What others are saying

Publishers Weekly says: “Cantor’s suspenseful historical novel concerns Millie Stein, a lonely mother in late 1940s New York who befriends her kind neighbor Ethel Rosenberg, who later will be executed with her husband, Julius, after an FBI witch hunt at the height of anti-Communist paranoia. The women bond upon discovering that they both face challenging parental situations: Ethel’s son, John, is difficult and off-putting, while Millie is often vilified because her two-year-old David has yet to speak. At a gathering with the Rosenbergs’ friends, who have Communist sympathies, Millie encounters psychologist Jake Gold, who offers to treat Millie and her son in exchange for being able to write about them in a paper. Jake is kind and patient with David, and shows interest in Millie as a person. Millie finds herself falling for Jake as her Russian husband, Ed, tries to send David away and demands that she conceive another baby. Cantor deals deftly with themes of friendship and motherhood, but doesn’t fare as well when it comes to romance. The book is at its best throwing surprises at Millie, beginning when sweet-talking Jake suddenly vanishes and Millie suspects that Ed might be hanging with a nefarious crowd. Cantor keeps the reader guessing about various characters’ motivations right up until the climax. While the love story is the weakest element in this narrative, the novel is notable for its affecting depiction of motherly love and the skillful way it captures the suffocating air of the McCarthy era.

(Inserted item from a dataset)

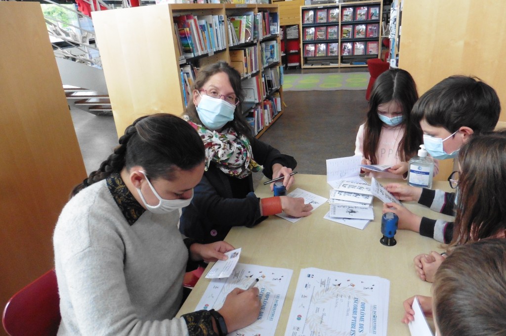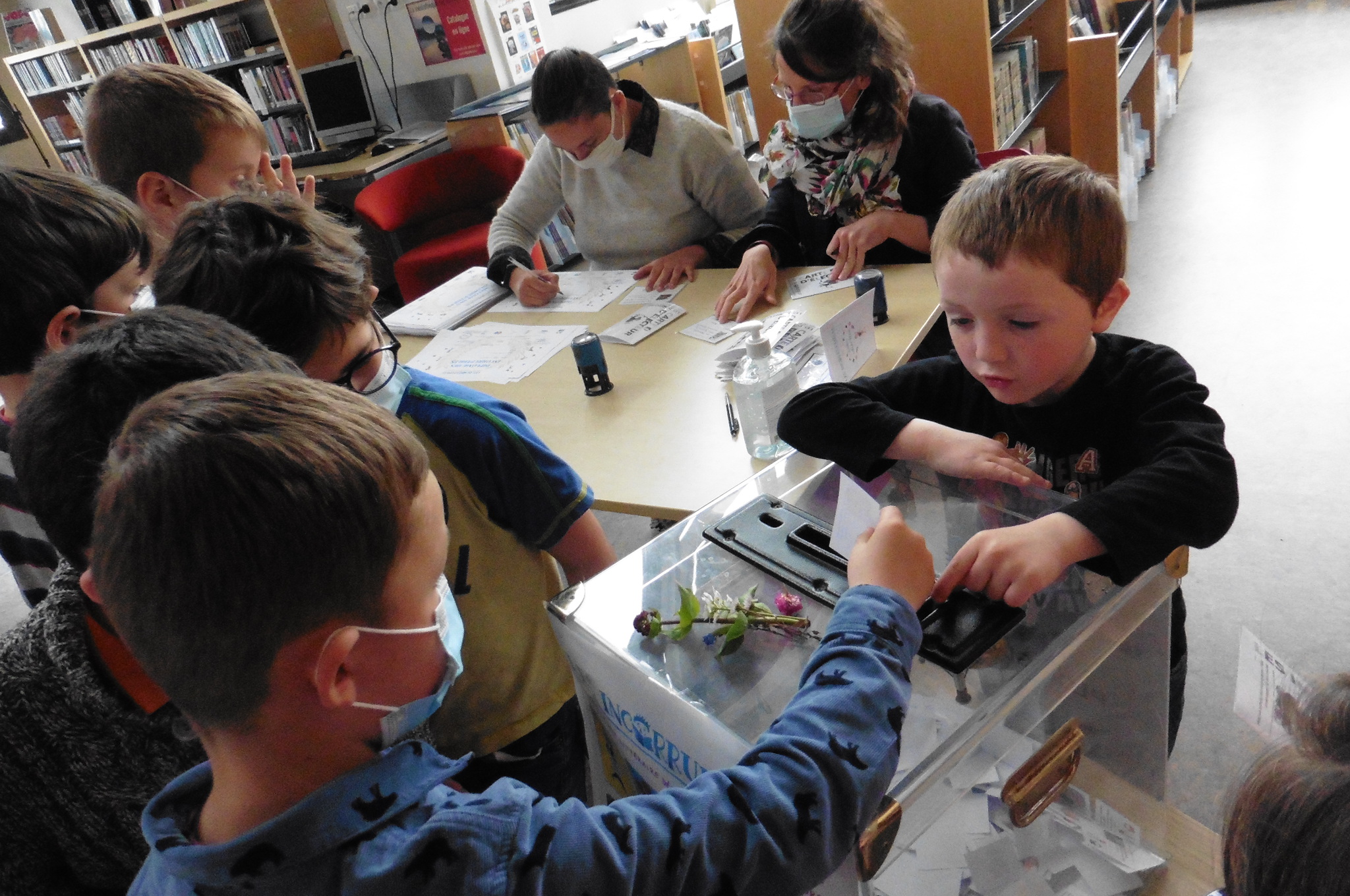 Le vendredi 07 mars, La classe des GS/CP monolingue s’est rendue à la médiathèque pour voter pour les livres préférés de la sélection des livres de GS et de CP.

Says Library Journal: “The author of Margot, a reimagining of the life of Anne Frank’s older sister, this time focuses on Ethel and Julius Rosenberg, the only Americans put to death for espionage during the Cold War. Narrating the couple’s story from the perspective of Ethel’s friend and neighbor who takes in the two Rosenberg sons after their parents’ arrest in 1950, Cantor combines mystery, romance, drama, and espionage into a spellbinding and fascinating page-turner that also gives readers insight into this chapter of American history.”

Kirkus Reviews says:  “. . . she turns her attention to the Rosenbergs, who were executed in 1953 for conspiring to commit espionage. As she writes in her Author’s Note, after reading about the case and the couple’s lives, Cantor became convinced they were victims of America’s vicious hunt for communists in the 1950s. Her view is represented by sheltered, lonely Millie Stein, the Rosenbergs’ neighbor in a Manhattan apartment house. Millie is married to Ed, a taciturn Russian immigrant who barely acknowledges her existence, except for sex, and who ignores their autistic son, David. Millie is devoted to the boy, guilt-ridden when the family doctor insists she’s caused his behavior by her coldness. Isolated with David, starved for affection, it’s no wonder she falls for warm, handsome Jake, who befriends her at a gathering hosted by the Rosenbergs. He tells her he’s a psychotherapist with experience helping children like David, and Millie agrees to meet him, with David, twice a week. Although Ethel warns her not to trust him, and although Millie repeatedly suspects that he’s lying, she fantasizes about running off with him, leaving her boorish, elusive, and secretive husband. In a rare gesture of independence, she agrees to a tryst at a cabin in the Catskills and, after one night of chastely described sex (buttons are slowly undone), finds that she’s pregnant. Millie’s naiveté about politics is barely believable, and when the Rosenbergs are accused of being traitors, she knows in her heart that they’re innocent: Ethel is such a good mother; Julius, such a loving husband. Plot twists tease the reader into wondering who’s telling the truth, who’s working for the KGB or the FBI, but despite its historical context, the book reads like a predictable, although engaging, love story.”

When is it available?

The Downtown Hartford Public Library and its Mark Twain branch have copies of The Hours Count.